**Exercise objective**
Every entry below must be transcribed word for word, and the images must be left out.

**Records for the task**
============
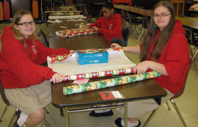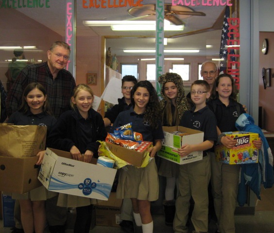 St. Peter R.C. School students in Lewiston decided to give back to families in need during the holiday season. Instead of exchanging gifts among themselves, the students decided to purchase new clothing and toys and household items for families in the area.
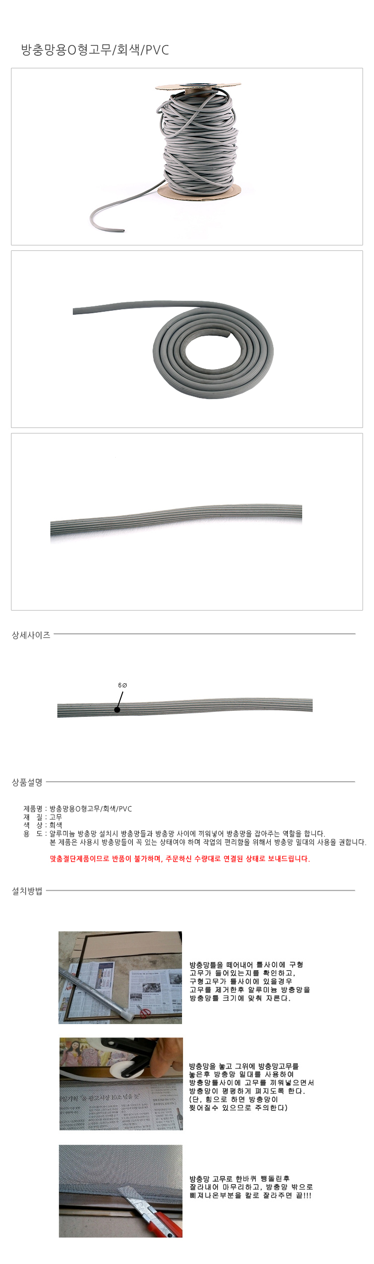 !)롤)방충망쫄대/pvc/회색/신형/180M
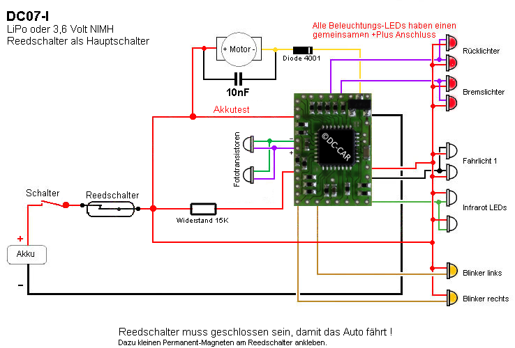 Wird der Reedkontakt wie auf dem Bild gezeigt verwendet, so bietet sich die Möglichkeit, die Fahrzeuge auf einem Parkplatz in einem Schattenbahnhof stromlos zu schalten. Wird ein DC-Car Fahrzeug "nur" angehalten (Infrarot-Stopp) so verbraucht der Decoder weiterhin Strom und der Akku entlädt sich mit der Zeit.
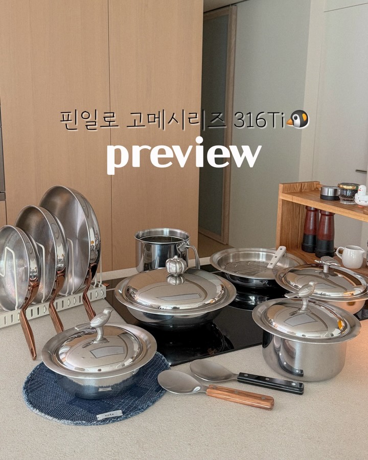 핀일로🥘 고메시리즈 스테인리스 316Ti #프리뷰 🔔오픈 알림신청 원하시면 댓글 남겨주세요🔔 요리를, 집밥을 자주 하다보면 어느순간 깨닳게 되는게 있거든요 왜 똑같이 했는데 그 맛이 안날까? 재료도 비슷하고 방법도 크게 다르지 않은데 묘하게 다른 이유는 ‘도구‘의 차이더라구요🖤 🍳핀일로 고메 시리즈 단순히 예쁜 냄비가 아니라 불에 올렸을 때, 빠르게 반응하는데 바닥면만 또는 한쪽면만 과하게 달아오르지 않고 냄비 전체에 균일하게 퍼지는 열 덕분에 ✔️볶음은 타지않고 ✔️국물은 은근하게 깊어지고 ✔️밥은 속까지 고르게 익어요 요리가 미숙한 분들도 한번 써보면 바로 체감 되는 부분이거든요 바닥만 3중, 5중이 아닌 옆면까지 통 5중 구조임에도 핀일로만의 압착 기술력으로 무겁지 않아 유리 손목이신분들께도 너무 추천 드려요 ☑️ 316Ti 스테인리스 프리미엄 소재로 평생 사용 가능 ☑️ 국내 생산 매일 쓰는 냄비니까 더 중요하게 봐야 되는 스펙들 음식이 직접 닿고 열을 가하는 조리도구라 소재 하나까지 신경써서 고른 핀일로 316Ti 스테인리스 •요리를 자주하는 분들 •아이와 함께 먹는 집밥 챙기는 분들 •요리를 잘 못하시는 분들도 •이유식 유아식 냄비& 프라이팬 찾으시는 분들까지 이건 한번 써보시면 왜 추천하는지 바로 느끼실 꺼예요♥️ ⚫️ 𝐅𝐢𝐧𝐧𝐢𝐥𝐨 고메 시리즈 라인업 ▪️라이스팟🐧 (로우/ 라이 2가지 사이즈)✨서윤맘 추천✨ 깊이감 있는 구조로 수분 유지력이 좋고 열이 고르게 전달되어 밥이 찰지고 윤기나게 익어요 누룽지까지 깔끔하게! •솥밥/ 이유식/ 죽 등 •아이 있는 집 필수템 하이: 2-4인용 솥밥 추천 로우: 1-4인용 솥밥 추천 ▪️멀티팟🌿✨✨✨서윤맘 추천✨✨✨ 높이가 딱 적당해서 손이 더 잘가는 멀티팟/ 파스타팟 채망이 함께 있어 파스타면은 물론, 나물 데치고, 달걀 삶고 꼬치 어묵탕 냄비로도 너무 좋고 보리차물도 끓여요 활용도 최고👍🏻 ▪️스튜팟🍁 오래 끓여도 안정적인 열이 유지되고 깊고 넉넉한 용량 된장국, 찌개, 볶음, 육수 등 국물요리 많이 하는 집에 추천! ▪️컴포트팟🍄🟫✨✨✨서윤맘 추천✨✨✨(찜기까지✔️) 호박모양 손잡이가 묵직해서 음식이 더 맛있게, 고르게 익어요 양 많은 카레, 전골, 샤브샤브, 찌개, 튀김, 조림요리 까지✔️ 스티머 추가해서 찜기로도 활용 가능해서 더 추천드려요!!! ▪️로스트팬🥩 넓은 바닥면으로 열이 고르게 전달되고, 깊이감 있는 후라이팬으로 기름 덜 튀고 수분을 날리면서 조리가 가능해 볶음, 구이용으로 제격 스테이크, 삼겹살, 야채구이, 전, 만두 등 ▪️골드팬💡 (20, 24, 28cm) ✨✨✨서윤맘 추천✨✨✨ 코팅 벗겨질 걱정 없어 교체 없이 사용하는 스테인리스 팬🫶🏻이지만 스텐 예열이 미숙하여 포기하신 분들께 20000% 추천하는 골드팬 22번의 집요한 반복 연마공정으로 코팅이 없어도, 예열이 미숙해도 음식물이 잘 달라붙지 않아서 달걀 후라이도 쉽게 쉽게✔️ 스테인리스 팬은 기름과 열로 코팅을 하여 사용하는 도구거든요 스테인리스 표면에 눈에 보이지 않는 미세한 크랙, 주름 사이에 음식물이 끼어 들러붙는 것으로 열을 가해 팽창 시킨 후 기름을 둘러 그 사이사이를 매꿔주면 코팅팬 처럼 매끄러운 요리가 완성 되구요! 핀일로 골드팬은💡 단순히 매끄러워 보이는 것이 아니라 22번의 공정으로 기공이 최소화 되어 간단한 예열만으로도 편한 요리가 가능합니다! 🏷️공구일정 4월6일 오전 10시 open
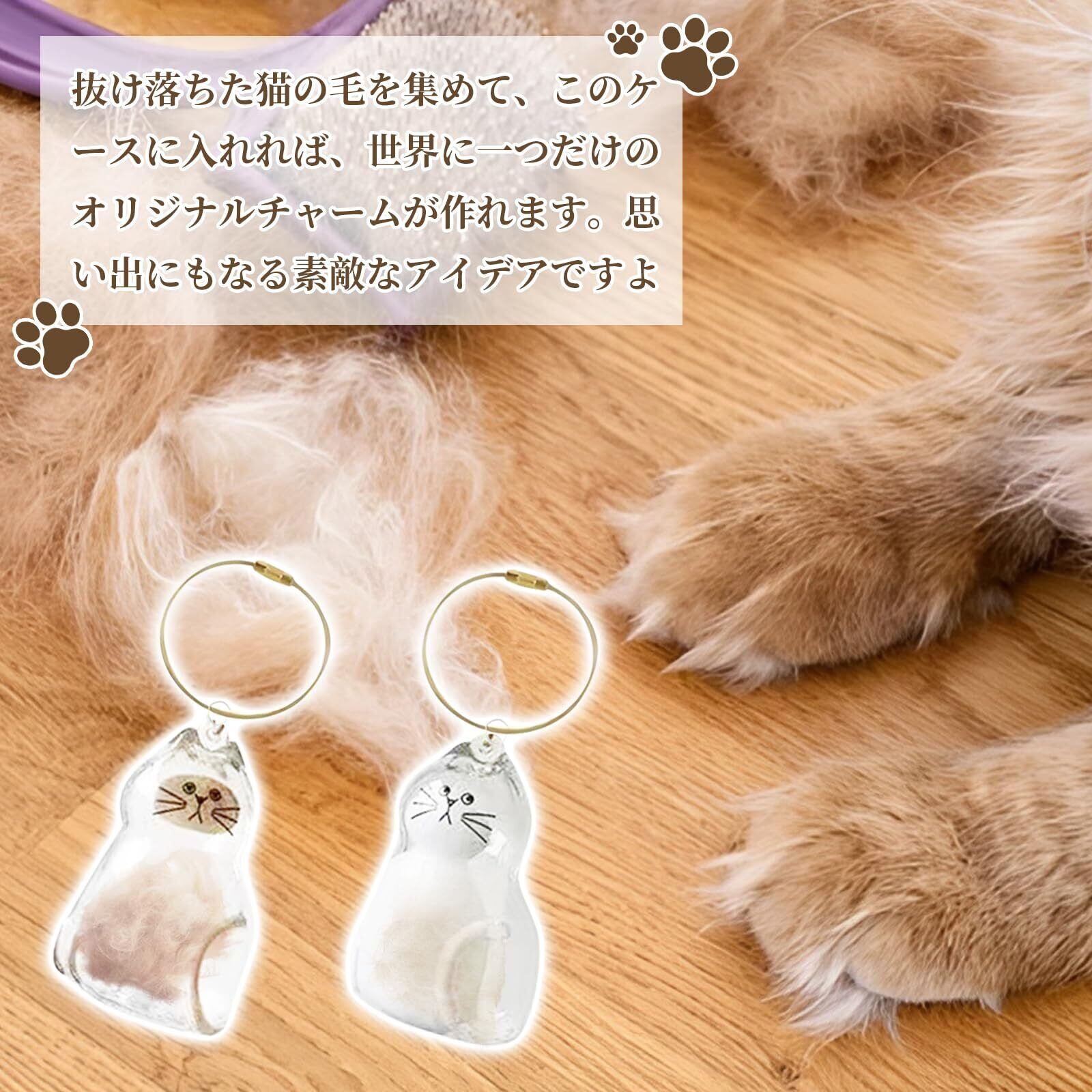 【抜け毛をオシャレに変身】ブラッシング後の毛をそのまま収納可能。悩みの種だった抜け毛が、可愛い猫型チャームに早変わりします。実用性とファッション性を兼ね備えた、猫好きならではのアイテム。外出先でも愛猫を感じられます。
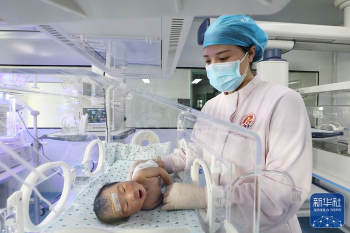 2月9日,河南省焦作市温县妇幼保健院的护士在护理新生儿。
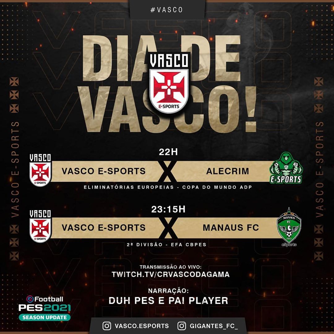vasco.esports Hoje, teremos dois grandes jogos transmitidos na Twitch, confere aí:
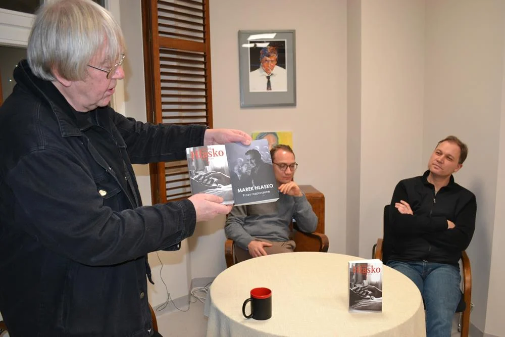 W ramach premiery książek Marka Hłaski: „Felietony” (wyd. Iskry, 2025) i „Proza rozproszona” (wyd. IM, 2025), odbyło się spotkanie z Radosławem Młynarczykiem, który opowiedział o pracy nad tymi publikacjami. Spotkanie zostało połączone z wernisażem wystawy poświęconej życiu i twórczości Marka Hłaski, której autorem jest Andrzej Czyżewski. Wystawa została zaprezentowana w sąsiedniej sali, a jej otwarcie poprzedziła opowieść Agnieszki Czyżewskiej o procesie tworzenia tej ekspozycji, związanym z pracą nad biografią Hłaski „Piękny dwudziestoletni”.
============
**Written solution**
 St. Peter R.C. School students in Lewiston decided to give back to families in need during the holiday season. Instead of exchanging gifts among themselves, the students decided to purchase new clothing and toys and household items for families in the area.
 !)롤)방충망쫄대/pvc/회색/신형/180M
 Wird der Reedkontakt wie auf dem Bild gezeigt verwendet, so bietet sich die Möglichkeit, die Fahrzeuge auf einem Parkplatz in einem Schattenbahnhof stromlos zu schalten. Wird ein DC-Car Fahrzeug "nur" angehalten (Infrarot-Stopp) so verbraucht der Decoder weiterhin Strom und der Akku entlädt sich mit der Zeit.
 핀일로🥘 고메시리즈 스테인리스 316Ti #프리뷰 🔔오픈 알림신청 원하시면 댓글 남겨주세요🔔 요리를, 집밥을 자주 하다보면 어느순간 깨닳게 되는게 있거든요 왜 똑같이 했는데 그 맛이 안날까? 재료도 비슷하고 방법도 크게 다르지 않은데 묘하게 다른 이유는 ‘도구‘의 차이더라구요🖤 🍳핀일로 고메 시리즈 단순히 예쁜 냄비가 아니라 불에 올렸을 때, 빠르게 반응하는데 바닥면만 또는 한쪽면만 과하게 달아오르지 않고 냄비 전체에 균일하게 퍼지는 열 덕분에 ✔️볶음은 타지않고 ✔️국물은 은근하게 깊어지고 ✔️밥은 속까지 고르게 익어요 요리가 미숙한 분들도 한번 써보면 바로 체감 되는 부분이거든요 바닥만 3중, 5중이 아닌 옆면까지 통 5중 구조임에도 핀일로만의 압착 기술력으로 무겁지 않아 유리 손목이신분들께도 너무 추천 드려요 ☑️ 316Ti 스테인리스 프리미엄 소재로 평생 사용 가능 ☑️ 국내 생산 매일 쓰는 냄비니까 더 중요하게 봐야 되는 스펙들 음식이 직접 닿고 열을 가하는 조리도구라 소재 하나까지 신경써서 고른 핀일로 316Ti 스테인리스 •요리를 자주하는 분들 •아이와 함께 먹는 집밥 챙기는 분들 •요리를 잘 못하시는 분들도 •이유식 유아식 냄비& 프라이팬 찾으시는 분들까지 이건 한번 써보시면 왜 추천하는지 바로 느끼실 꺼예요♥️ ⚫️ 𝐅𝐢𝐧𝐧𝐢𝐥𝐨 고메 시리즈 라인업 ▪️라이스팟🐧 (로우/ 라이 2가지 사이즈)✨서윤맘 추천✨ 깊이감 있는 구조로 수분 유지력이 좋고 열이 고르게 전달되어 밥이 찰지고 윤기나게 익어요 누룽지까지 깔끔하게! •솥밥/ 이유식/ 죽 등 •아이 있는 집 필수템 하이: 2-4인용 솥밥 추천 로우: 1-4인용 솥밥 추천 ▪️멀티팟🌿✨✨✨서윤맘 추천✨✨✨ 높이가 딱 적당해서 손이 더 잘가는 멀티팟/ 파스타팟 채망이 함께 있어 파스타면은 물론, 나물 데치고, 달걀 삶고 꼬치 어묵탕 냄비로도 너무 좋고 보리차물도 끓여요 활용도 최고👍🏻 ▪️스튜팟🍁 오래 끓여도 안정적인 열이 유지되고 깊고 넉넉한 용량 된장국, 찌개, 볶음, 육수 등 국물요리 많이 하는 집에 추천! ▪️컴포트팟🍄🟫✨✨✨서윤맘 추천✨✨✨(찜기까지✔️) 호박모양 손잡이가 묵직해서 음식이 더 맛있게, 고르게 익어요 양 많은 카레, 전골, 샤브샤브, 찌개, 튀김, 조림요리 까지✔️ 스티머 추가해서 찜기로도 활용 가능해서 더 추천드려요!!! ▪️로스트팬🥩 넓은 바닥면으로 열이 고르게 전달되고, 깊이감 있는 후라이팬으로 기름 덜 튀고 수분을 날리면서 조리가 가능해 볶음, 구이용으로 제격 스테이크, 삼겹살, 야채구이, 전, 만두 등 ▪️골드팬💡 (20, 24, 28cm) ✨✨✨서윤맘 추천✨✨✨ 코팅 벗겨질 걱정 없어 교체 없이 사용하는 스테인리스 팬🫶🏻이지만 스텐 예열이 미숙하여 포기하신 분들께 20000% 추천하는 골드팬 22번의 집요한 반복 연마공정으로 코팅이 없어도, 예열이 미숙해도 음식물이 잘 달라붙지 않아서 달걀 후라이도 쉽게 쉽게✔️ 스테인리스 팬은 기름과 열로 코팅을 하여 사용하는 도구거든요 스테인리스 표면에 눈에 보이지 않는 미세한 크랙, 주름 사이에 음식물이 끼어 들러붙는 것으로 열을 가해 팽창 시킨 후 기름을 둘러 그 사이사이를 매꿔주면 코팅팬 처럼 매끄러운 요리가 완성 되구요! 핀일로 골드팬은💡 단순히 매끄러워 보이는 것이 아니라 22번의 공정으로 기공이 최소화 되어 간단한 예열만으로도 편한 요리가 가능합니다! 🏷️공구일정 4월6일 오전 10시 open
 【抜け毛をオシャレに変身】ブラッシング後の毛をそのまま収納可能。悩みの種だった抜け毛が、可愛い猫型チャームに早変わりします。実用性とファッション性を兼ね備えた、猫好きならではのアイテム。外出先でも愛猫を感じられます。
 2月9日,河南省焦作市温县妇幼保健院的护士在护理新生儿。
vasco.esports Hoje, teremos dois grandes jogos transmitidos na Twitch, confere aí:
 W ramach premiery książek Marka Hłaski: „Felietony” (wyd. Iskry, 2025) i „Proza rozproszona” (wyd. IM, 2025), odbyło się spotkanie z Radosławem Młynarczykiem, który opowiedział o pracy nad tymi publikacjami. Spotkanie zostało połączone z wernisażem wystawy poświęconej życiu i twórczości Marka Hłaski, której autorem jest Andrzej Czyżewski. Wystawa została zaprezentowana w sąsiedniej sali, a jej otwarcie poprzedziła opowieść Agnieszki Czyżewskiej o procesie tworzenia tej ekspozycji, związanym z pracą nad biografią Hłaski „Piękny dwudziestoletni”.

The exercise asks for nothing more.